An identical copy of the data below is needed.

• • •

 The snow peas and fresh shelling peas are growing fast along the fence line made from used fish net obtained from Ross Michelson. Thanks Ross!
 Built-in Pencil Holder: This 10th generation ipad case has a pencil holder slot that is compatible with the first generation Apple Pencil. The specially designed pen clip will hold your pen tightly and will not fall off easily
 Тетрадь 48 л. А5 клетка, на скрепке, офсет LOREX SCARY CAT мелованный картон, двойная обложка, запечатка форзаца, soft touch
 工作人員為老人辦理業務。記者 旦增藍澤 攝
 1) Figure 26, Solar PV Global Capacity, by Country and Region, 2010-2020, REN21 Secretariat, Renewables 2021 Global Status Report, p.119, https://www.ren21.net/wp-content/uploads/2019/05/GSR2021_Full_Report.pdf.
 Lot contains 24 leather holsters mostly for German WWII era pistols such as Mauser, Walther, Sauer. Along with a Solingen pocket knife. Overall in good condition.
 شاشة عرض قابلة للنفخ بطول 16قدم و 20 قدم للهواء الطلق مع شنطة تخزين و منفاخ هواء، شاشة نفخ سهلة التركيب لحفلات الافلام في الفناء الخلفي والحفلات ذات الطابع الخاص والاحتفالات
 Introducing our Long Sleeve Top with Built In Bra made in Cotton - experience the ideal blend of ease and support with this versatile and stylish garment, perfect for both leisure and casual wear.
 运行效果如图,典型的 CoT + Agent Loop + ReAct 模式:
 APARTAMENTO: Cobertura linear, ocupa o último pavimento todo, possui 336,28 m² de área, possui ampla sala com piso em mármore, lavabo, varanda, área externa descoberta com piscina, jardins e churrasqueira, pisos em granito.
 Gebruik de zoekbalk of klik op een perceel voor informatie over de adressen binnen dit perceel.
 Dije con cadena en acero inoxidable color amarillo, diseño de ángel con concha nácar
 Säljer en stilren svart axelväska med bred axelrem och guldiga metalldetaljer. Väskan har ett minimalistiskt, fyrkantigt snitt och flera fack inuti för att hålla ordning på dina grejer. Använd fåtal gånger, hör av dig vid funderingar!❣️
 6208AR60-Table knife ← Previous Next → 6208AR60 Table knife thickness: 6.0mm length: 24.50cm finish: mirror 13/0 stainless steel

• • •

### Task output
 The snow peas and fresh shelling peas are growing fast along the fence line made from used fish net obtained from Ross Michelson. Thanks Ross!
 Built-in Pencil Holder: This 10th generation ipad case has a pencil holder slot that is compatible with the first generation Apple Pencil. The specially designed pen clip will hold your pen tightly and will not fall off easily
 Тетрадь 48 л. А5 клетка, на скрепке, офсет LOREX SCARY CAT мелованный картон, двойная обложка, запечатка форзаца, soft touch
 工作人員為老人辦理業務。記者 旦增藍澤 攝
 1) Figure 26, Solar PV Global Capacity, by Country and Region, 2010-2020, REN21 Secretariat, Renewables 2021 Global Status Report, p.119, https://www.ren21.net/wp-content/uploads/2019/05/GSR2021_Full_Report.pdf.
 Lot contains 24 leather holsters mostly for German WWII era pistols such as Mauser, Walther, Sauer. Along with a Solingen pocket knife. Overall in good condition.
 شاشة عرض قابلة للنفخ بطول 16قدم و 20 قدم للهواء الطلق مع شنطة تخزين و منفاخ هواء، شاشة نفخ سهلة التركيب لحفلات الافلام في الفناء الخلفي والحفلات ذات الطابع الخاص والاحتفالات
 Introducing our Long Sleeve Top with Built In Bra made in Cotton - experience the ideal blend of ease and support with this versatile and stylish garment, perfect for both leisure and casual wear.
 运行效果如图,典型的 CoT + Agent Loop + ReAct 模式:
 APARTAMENTO: Cobertura linear, ocupa o último pavimento todo, possui 336,28 m² de área, possui ampla sala com piso em mármore, lavabo, varanda, área externa descoberta com piscina, jardins e churrasqueira, pisos em granito.
 Gebruik de zoekbalk of klik op een perceel voor informatie over de adressen binnen dit perceel.
 Dije con cadena en acero inoxidable color amarillo, diseño de ángel con concha nácar
 Säljer en stilren svart axelväska med bred axelrem och guldiga metalldetaljer. Väskan har ett minimalistiskt, fyrkantigt snitt och flera fack inuti för att hålla ordning på dina grejer. Använd fåtal gånger, hör av dig vid funderingar!❣️
 6208AR60-Table knife ← Previous Next → 6208AR60 Table knife thickness: 6.0mm length: 24.50cm finish: mirror 13/0 stainless steel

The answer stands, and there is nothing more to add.